Thanks, this is a nice idea too, might end up using something like this.
1

Since you said you can use apache commons, maybe something like this?

    Map<String, List<String>> map = new HashMap<>();
    List<Employee> employees = List.of(
            new Employee("f1", "l1", Status.PART_TIME),
            new Employee("f2", "l2", Status.FULL_TIME),
            new Employee("f3", "l3", Status.PART_TIME),
            new Employee("f4", "l4", Status.FULL_TIME));

    List<String> firstNames = new ArrayList<>();
    List<String> lastNames = new ArrayList<>();
    List<String> ftEmployees = new ArrayList<>();

    employees.forEach(employee -> {
        firstNames.add(employee.firstName);
        lastNames.add(employee.lastName);
        if (employee.status == Status.FULL_TIME) {
            ftEmployees.add(employee.firstName + " " + employee.lastName);
        }
    });

    map.put("fname", ImmutableList.copyOf(firstNames));
    map.put("lName", ImmutableList.copyOf(lastNames));
    map.put("fullTime", ImmutableList.copyOf(ftEmployees));

Comments

0

Here is example code that is doing what you want. There is no need for multiple streams only one stream is enough to iterate throught the objects.

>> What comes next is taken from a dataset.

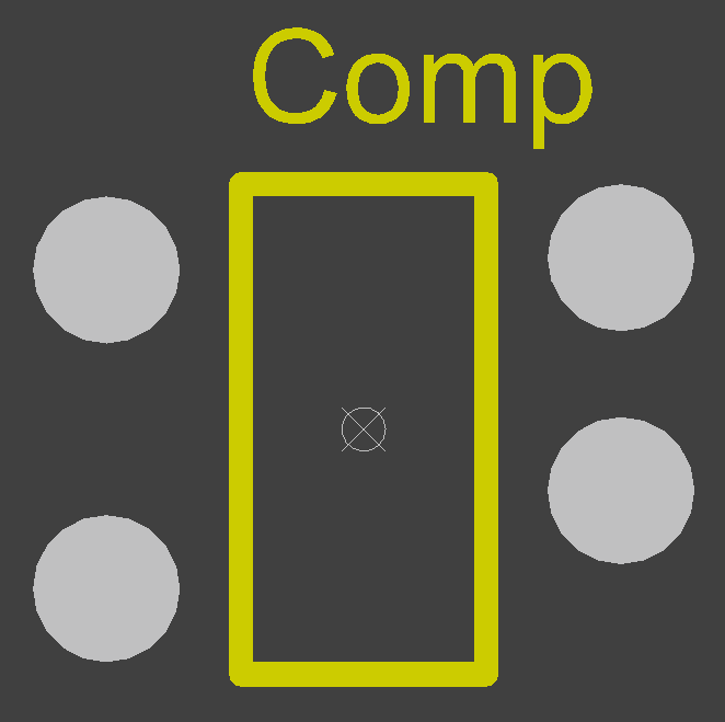 在“項(xiàng)目”>“庫(kù)”>“添加新的PCB庫(kù)”中,在自己的庫(kù)中創(chuàng)建PCB的封裝。使用“主頁(yè)”>“放置”功能區(qū)中的功能形成覆蓋區(qū)。足跡將包含形狀,填充物和文本以及其他項(xiàng)目。足跡也可以帶有高度。出于示例目的,這是一個(gè)“非描述性”的四引腳封裝:

        Map<String, List<String>> result = new HashMap<>();
        result.put("fname", new ArrayList<String>());
        result.put("lname", new ArrayList<String>());
        result.put("fullTime", new ArrayList<String>());
        List<Employee> employees = List.of(
                  new Employee("f1", "l1", Status.PART_TIME),
                  new Employee("f2", "l2", Status.FULL_TIME),
                  new Employee("f3", "l3", Status.PART_TIME),
                  new Employee("f4", "l4", Status.FULL_TIME));
        employees.forEach(e -> {
            result.get("fname").add(e.firstName);
            result.get("lname").add(e.lastName);
            result.get("fullTime").add(e.firstName + " " + e.lastName);
        });
        System.out.println(result);

I will leave it to you to convert the lists to Immutable lists.

4 Comments

Thanks for the response. Unfortunately, I need immutable lists from the start, not converting mutable to immutable.
You need to collect the values for each field, that cannot be done with immutable lists. Even if you find a function in some library that returns Immutable list internally it is implemented with mutable list.
Thanks for the clarification. I was thinking something akin to using .collect(Collectors.toUnmodifiableList()) as the terminal operation.
I edited the original post to provide more context into what I'm doing now and want to get down to one pass.